Un recruteur du nucléaire gardois était désemparé car son secteur propose pléthore d’emplois avec de hauts salaires, mais beaucoup réclament du télétravail. Ce qui est impossible dans cette filière. Cela vous étonne ?

Le télétravail est un nouveau privilège qui apporte de la liberté spatio-temporelle. Cette envie de télétravailler était quelque chose d’un peu latent avant la pandémie. Cela a explosé ensuite. Certains ont pu travailler à distance, d’autres pas. Cela a créé une petite jalousie, un sentiment de décalage.
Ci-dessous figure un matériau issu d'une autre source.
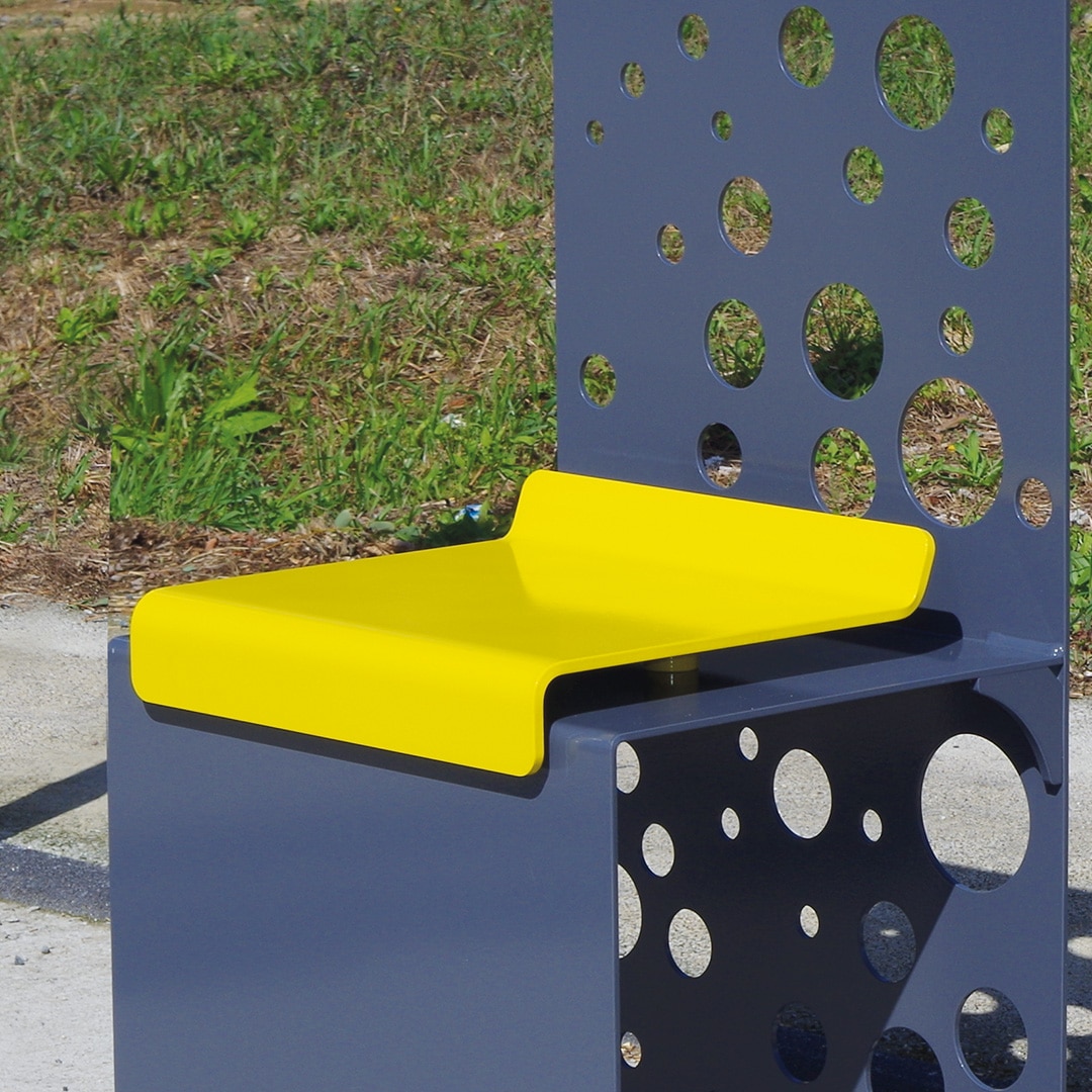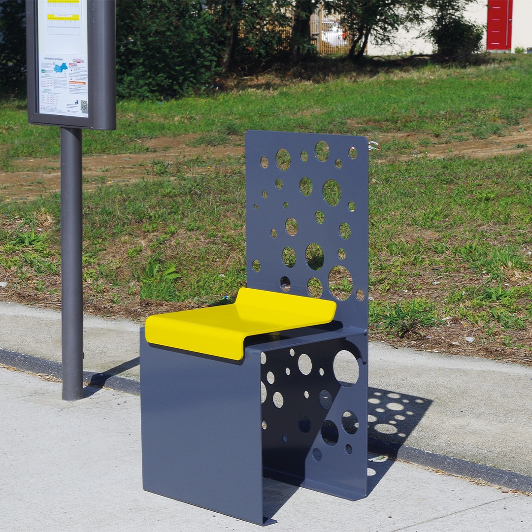 Il faut dire qu’elle est idéale pour compléter un aménagement sur une place. En effet, la chaise SQUARE se distingue par ses formes droites et son motif composé de cercles évidés de différentes tailles. Il faut dire que le motif témoigne d’une précision et d’un savoir faire pour la découpe, le pliage et la soudure.
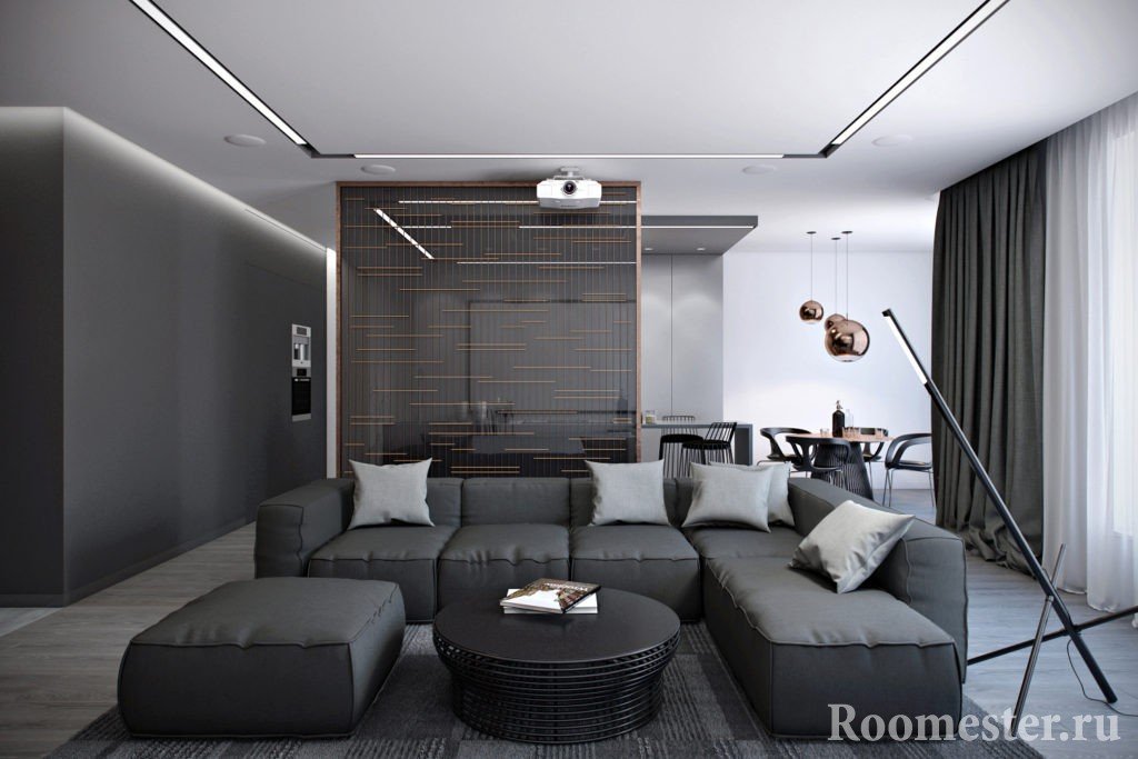 Las habitaciones que dan al lado sombreado de la casa no deben quedar ocultas por tabiques densos, mejores paneles tallados translúcidos. El sofá de esquina transformador con una litera adicional se resuelve perfectamente. Al mismo tiempo, las paredes están decoradas con un tono beige mate, los acentos son estanterías modulares. Como regla general, todas las salas de estar tienen una ventana, o una ventana con acceso a un balcón, una logia. Con las capacidades técnicas de la casa, se pueden combinar dos espacios para organizar un área de trabajo: una mesa de computadora con una silla y un par de estantes colgantes.
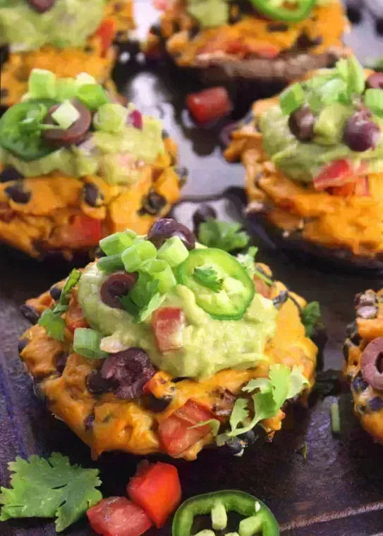 ¿Quién necesita patatas fritas cuando tiene portobellos? Los tomates secos, el guacamole y las aceitunas hacen que esta guarnición sea un plato que todos querrán probar.
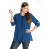 Halenka z příjemného krešového materiálu, má rovný střih s prodlouženým zadním dílem a bočními rozparky. Přední díl zdobí hlubší odšíté sámky a středová léga s našitou krajkovou stuhou. Rukávy jsou 3/4, stažené patkou.
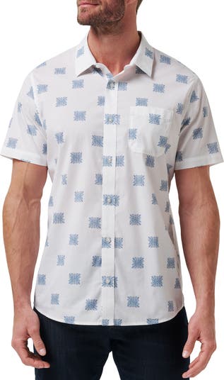 Floral-patterned geometries neatly punctuate a shirt cut from a crisp cotton blend that resists wrinkles to keep you looking smart and offers plenty of stretch to keep you feeling comfortable.

En général, les métiers où on pratique le télétravail sont plus rémunérateurs. Mais les membres de la génération Z peuvent accepter d’aller au bureau s’ils exercent un métier avec une forte valeur, aligné à leurs valeurs humaines. La question du sens au travail est importante.

Est-ce que l’on manage la génération Z comme les autres ?

Ils veulent des horaires. Les métiers du soin ou de la boulangerie où on peut travailler la nuit peuvent les bloquer. J’ai beaucoup travaillé au Canada. Là-bas, on respecte les horaires. C’est clair et c’est sain. Le monde du travail en France n’était pas très sain. Les contrats n’étaient pas forcément respectés, les gens ne se parlaient pas forcément bien. Il y a eu le mouvement Me too, Black lives matter… Il y a des choses qui ne passent plus. Les jeunes de la génération Z disent que les blagues sur ces questions ne les font pas rire et surtout que ce n’est pas légal. C’est le choc des cultures. Peut-être que l’enjeu est de se réinventer.